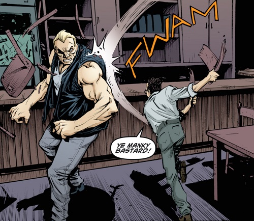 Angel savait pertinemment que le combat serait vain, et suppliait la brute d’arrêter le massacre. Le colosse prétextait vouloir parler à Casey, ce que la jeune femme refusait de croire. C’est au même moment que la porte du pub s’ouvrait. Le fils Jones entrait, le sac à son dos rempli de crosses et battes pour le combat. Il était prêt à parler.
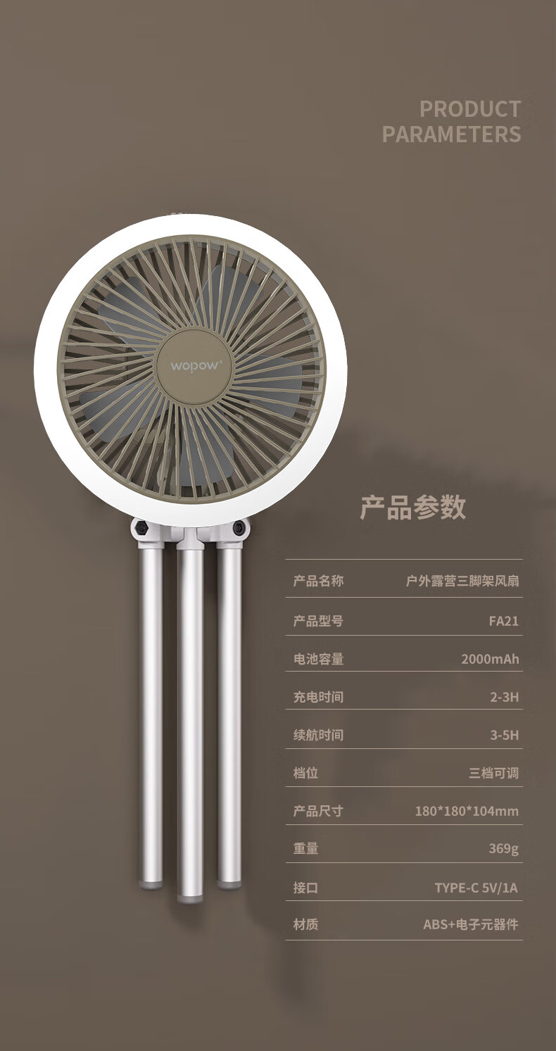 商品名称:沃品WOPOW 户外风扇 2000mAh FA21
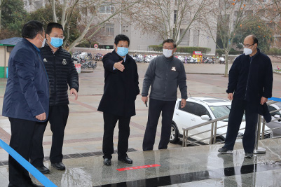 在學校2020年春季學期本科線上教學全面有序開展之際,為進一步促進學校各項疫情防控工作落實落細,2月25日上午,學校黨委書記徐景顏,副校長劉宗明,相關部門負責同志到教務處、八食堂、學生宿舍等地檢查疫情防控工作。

_Prompt:_ Would you set down each line of the data exactly, with no images included?

_Task output:_
 Angel savait pertinemment que le combat serait vain, et suppliait la brute d’arrêter le massacre. Le colosse prétextait vouloir parler à Casey, ce que la jeune femme refusait de croire. C’est au même moment que la porte du pub s’ouvrait. Le fils Jones entrait, le sac à son dos rempli de crosses et battes pour le combat. Il était prêt à parler.
 商品名称:沃品WOPOW 户外风扇 2000mAh FA21
 在學校2020年春季學期本科線上教學全面有序開展之際,為進一步促進學校各項疫情防控工作落實落細,2月25日上午,學校黨委書記徐景顏,副校長劉宗明,相關部門負責同志到教務處、八食堂、學生宿舍等地檢查疫情防控工作。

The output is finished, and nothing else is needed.